Given data:
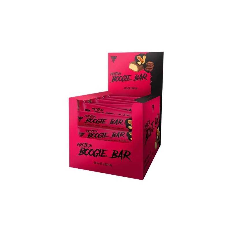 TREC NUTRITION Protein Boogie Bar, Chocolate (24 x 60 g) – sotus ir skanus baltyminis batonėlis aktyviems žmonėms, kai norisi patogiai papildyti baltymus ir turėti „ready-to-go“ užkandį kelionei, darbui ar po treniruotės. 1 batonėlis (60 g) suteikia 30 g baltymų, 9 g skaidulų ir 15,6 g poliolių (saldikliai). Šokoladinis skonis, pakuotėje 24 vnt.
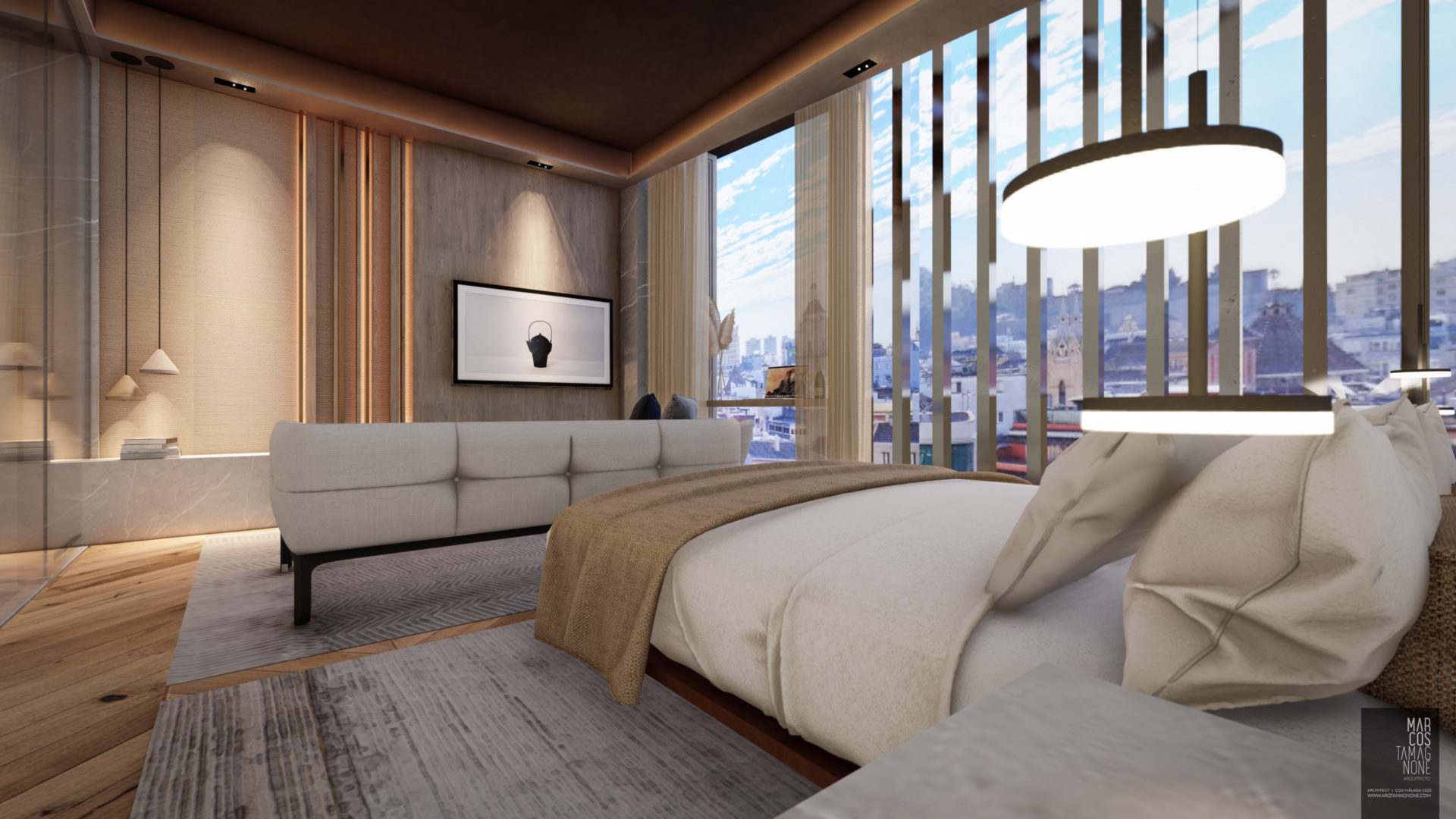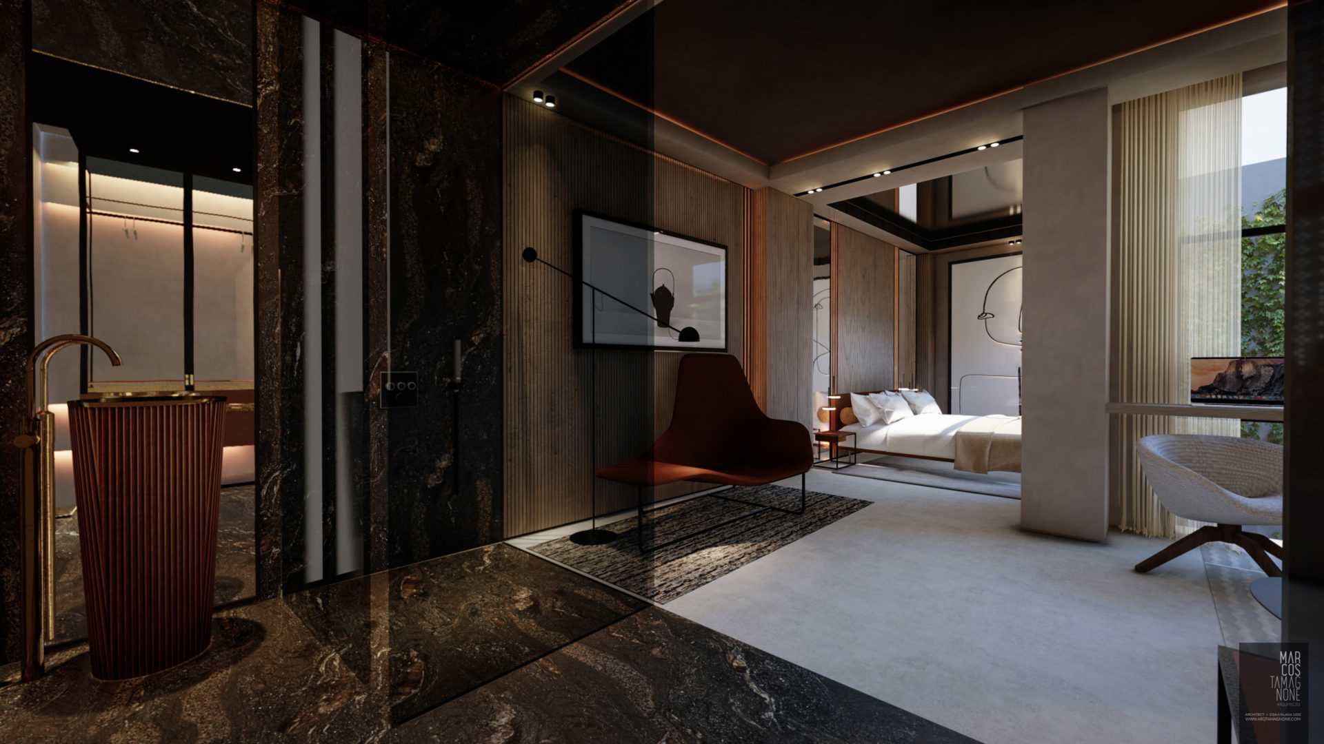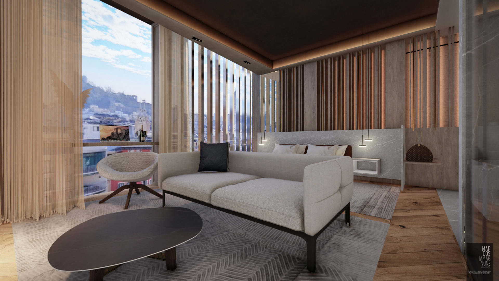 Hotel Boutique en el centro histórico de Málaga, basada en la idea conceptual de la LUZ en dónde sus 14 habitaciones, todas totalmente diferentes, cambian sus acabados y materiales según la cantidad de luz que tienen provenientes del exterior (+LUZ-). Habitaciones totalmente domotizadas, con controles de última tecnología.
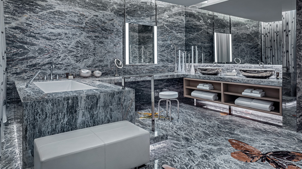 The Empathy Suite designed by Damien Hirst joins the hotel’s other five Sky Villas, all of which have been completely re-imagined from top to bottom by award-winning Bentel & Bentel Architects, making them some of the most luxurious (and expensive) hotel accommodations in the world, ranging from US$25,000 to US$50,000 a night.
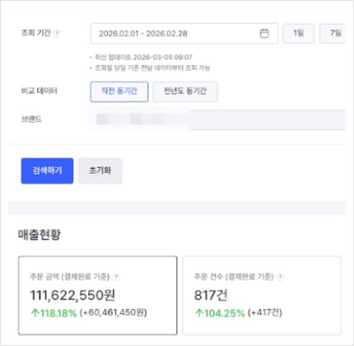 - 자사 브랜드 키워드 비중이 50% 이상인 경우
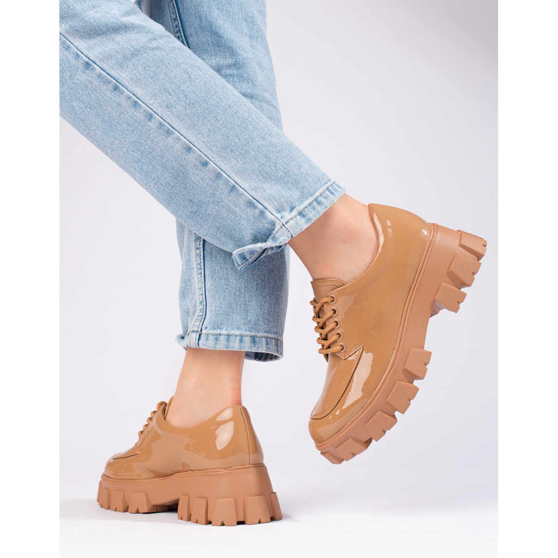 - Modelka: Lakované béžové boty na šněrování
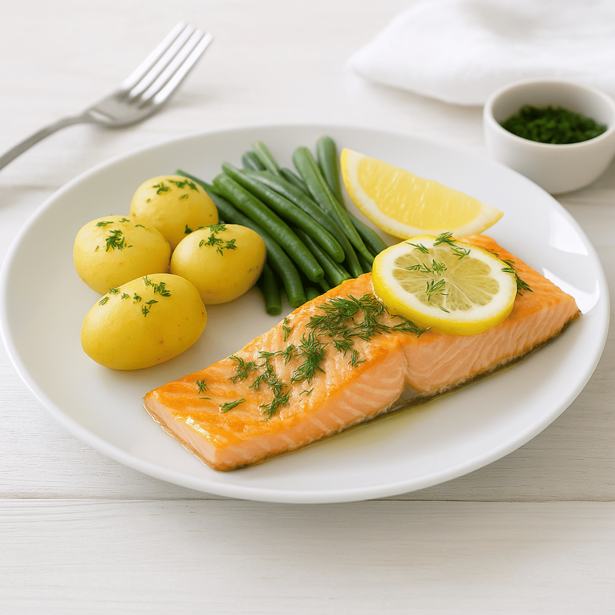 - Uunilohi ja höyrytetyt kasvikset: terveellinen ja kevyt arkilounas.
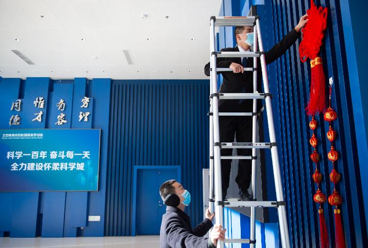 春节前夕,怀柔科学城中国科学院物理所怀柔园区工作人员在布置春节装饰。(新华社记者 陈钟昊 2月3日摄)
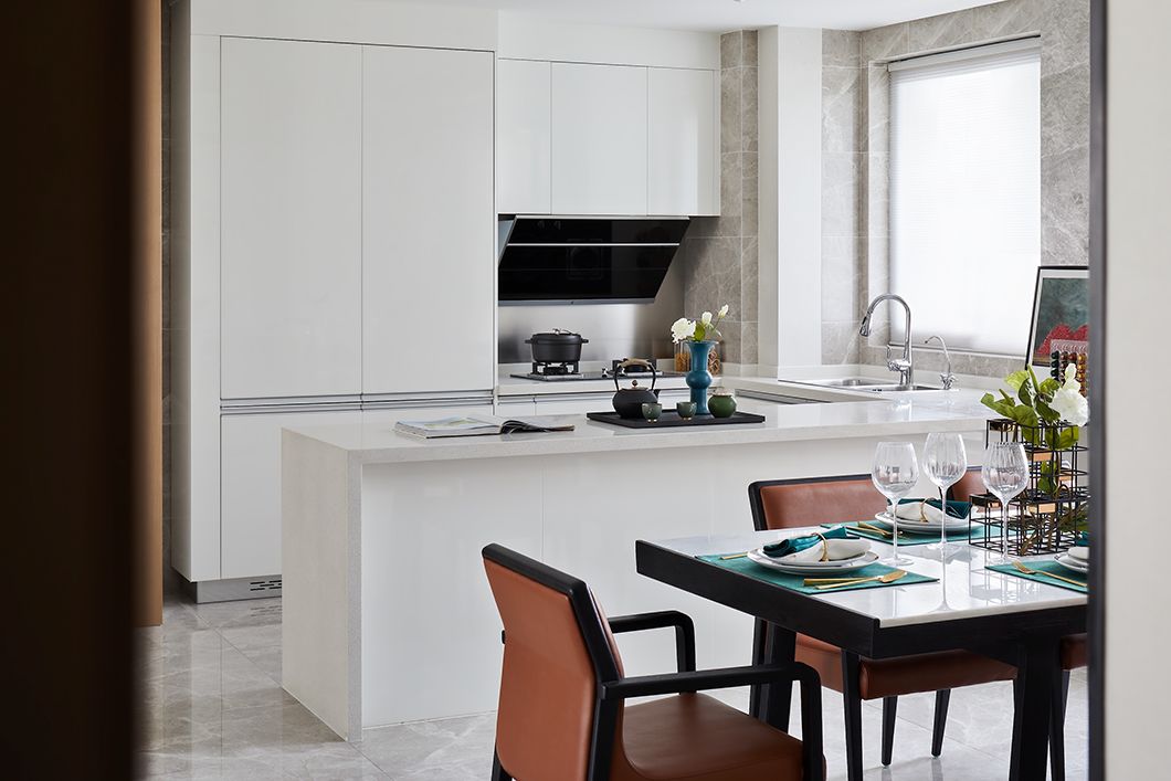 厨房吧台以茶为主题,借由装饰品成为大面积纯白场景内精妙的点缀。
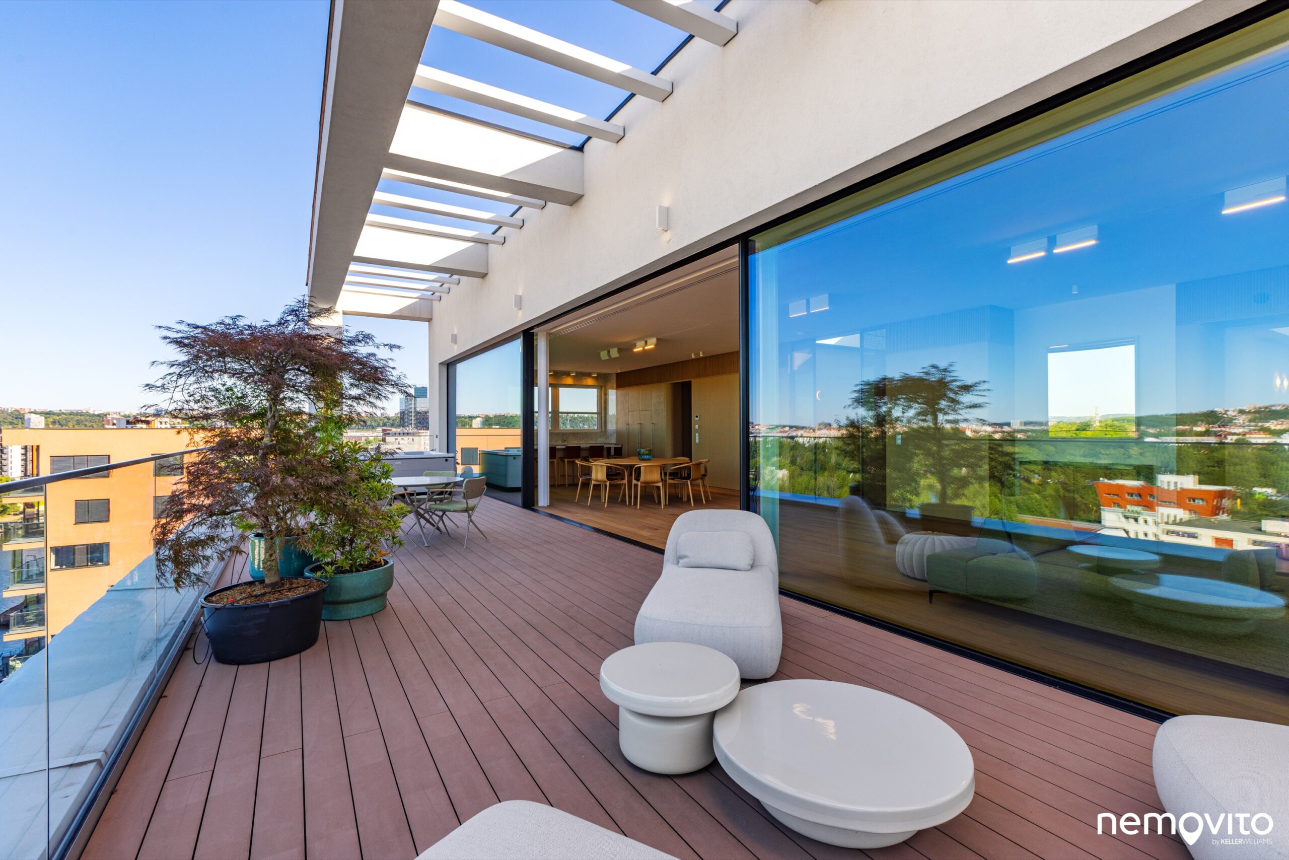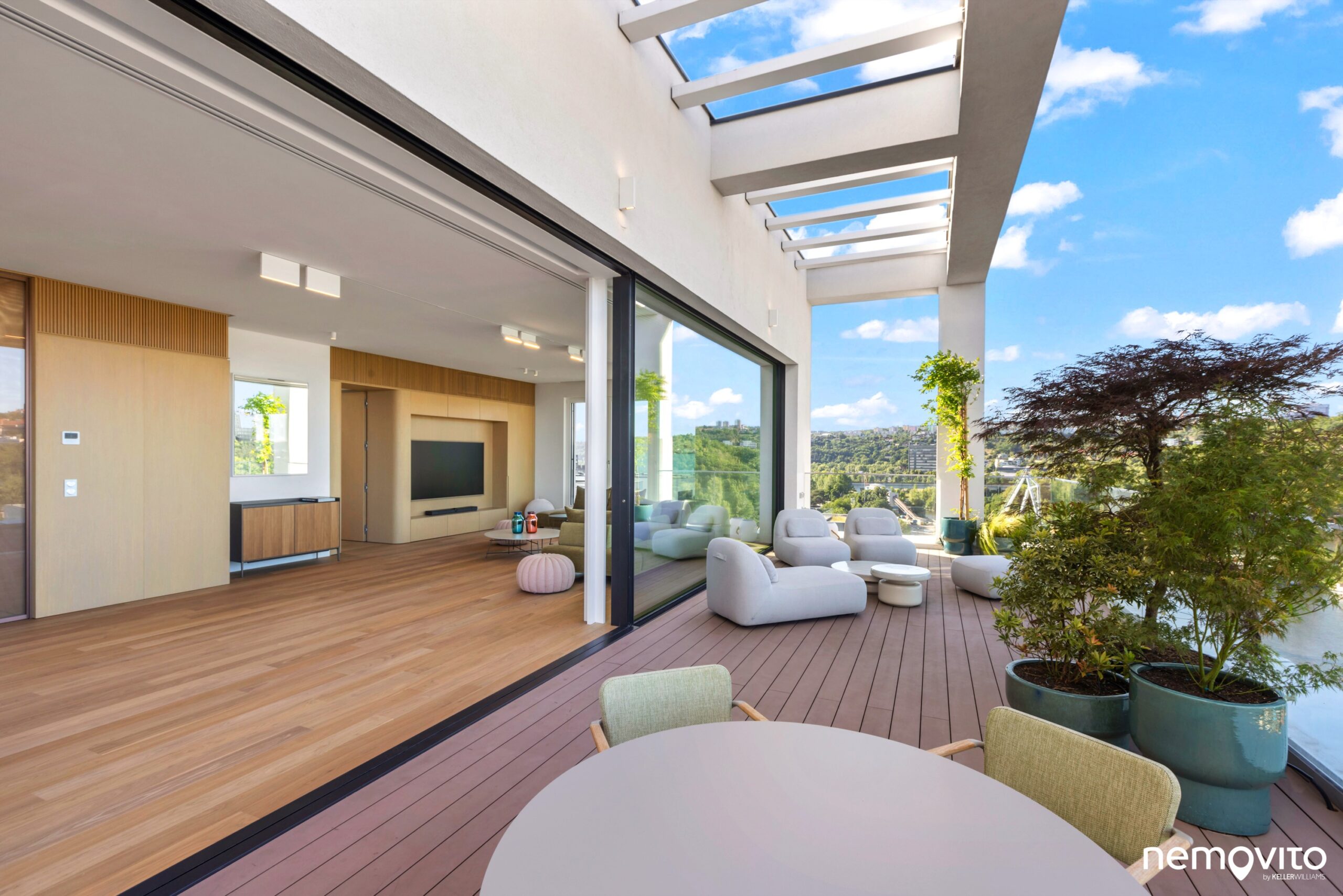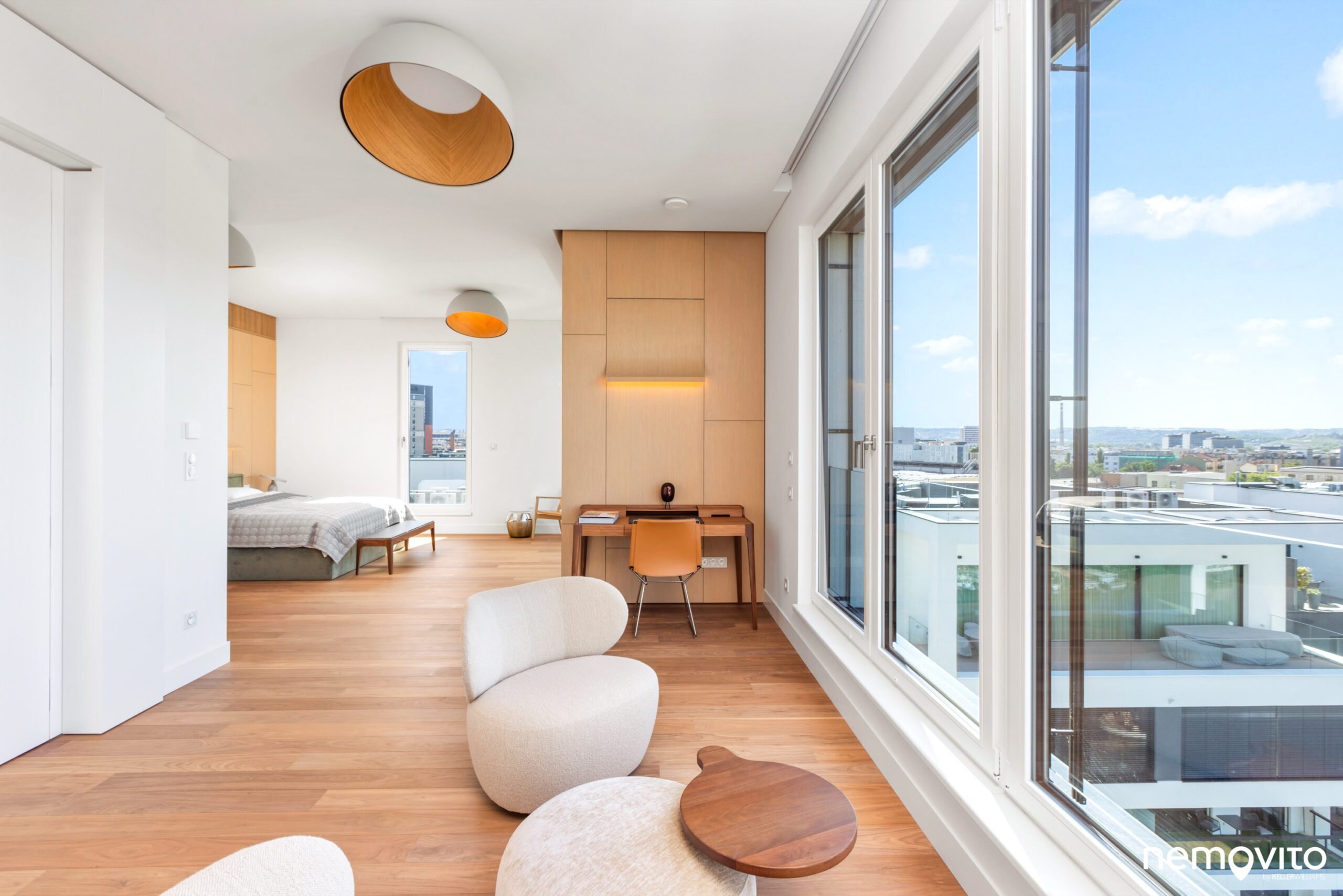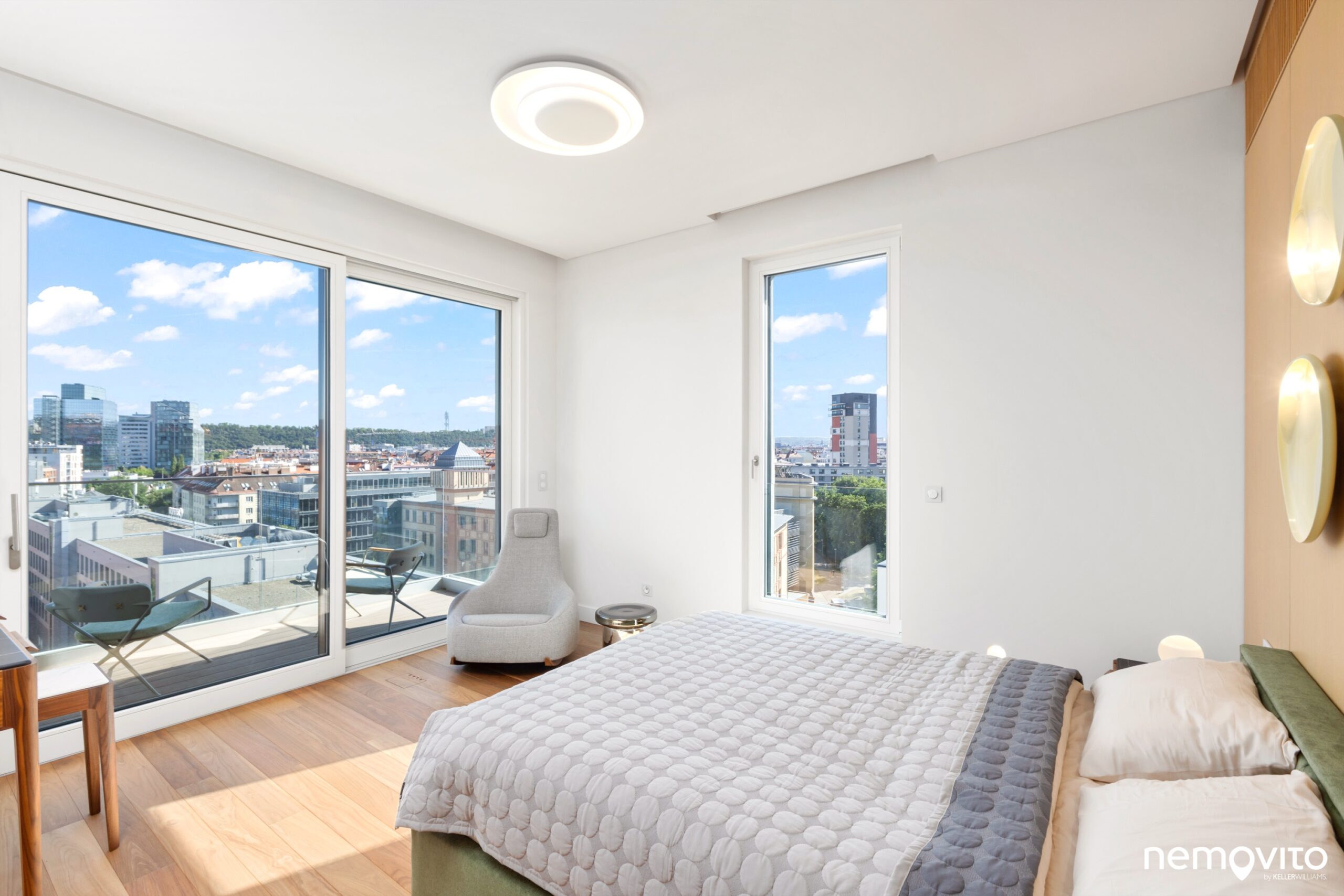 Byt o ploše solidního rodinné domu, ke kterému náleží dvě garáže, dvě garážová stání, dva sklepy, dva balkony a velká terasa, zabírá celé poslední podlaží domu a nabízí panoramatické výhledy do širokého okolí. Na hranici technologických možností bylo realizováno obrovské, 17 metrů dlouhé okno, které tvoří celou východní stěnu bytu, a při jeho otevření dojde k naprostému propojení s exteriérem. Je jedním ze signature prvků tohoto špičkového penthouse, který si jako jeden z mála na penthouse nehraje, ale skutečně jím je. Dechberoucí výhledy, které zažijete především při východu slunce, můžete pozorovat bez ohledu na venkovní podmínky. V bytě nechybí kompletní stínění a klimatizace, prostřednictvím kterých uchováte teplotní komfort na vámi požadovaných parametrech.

Task brief:
Copy exactly the lines from the one containing "- Modelka: Lakované béžové boty na šněrování" through the final line of the records above, both included, and leave out any pictures.

Task solution:
 - Modelka: Lakované béžové boty na šněrování
 - Uunilohi ja höyrytetyt kasvikset: terveellinen ja kevyt arkilounas.
 春节前夕,怀柔科学城中国科学院物理所怀柔园区工作人员在布置春节装饰。(新华社记者 陈钟昊 2月3日摄)
 厨房吧台以茶为主题,借由装饰品成为大面积纯白场景内精妙的点缀。
 Byt o ploše solidního rodinné domu, ke kterému náleží dvě garáže, dvě garážová stání, dva sklepy, dva balkony a velká terasa, zabírá celé poslední podlaží domu a nabízí panoramatické výhledy do širokého okolí. Na hranici technologických možností bylo realizováno obrovské, 17 metrů dlouhé okno, které tvoří celou východní stěnu bytu, a při jeho otevření dojde k naprostému propojení s exteriérem. Je jedním ze signature prvků tohoto špičkového penthouse, který si jako jeden z mála na penthouse nehraje, ale skutečně jím je. Dechberoucí výhledy, které zažijete především při východu slunce, můžete pozorovat bez ohledu na venkovní podmínky. V bytě nechybí kompletní stínění a klimatizace, prostřednictvím kterých uchováte teplotní komfort na vámi požadovaných parametrech.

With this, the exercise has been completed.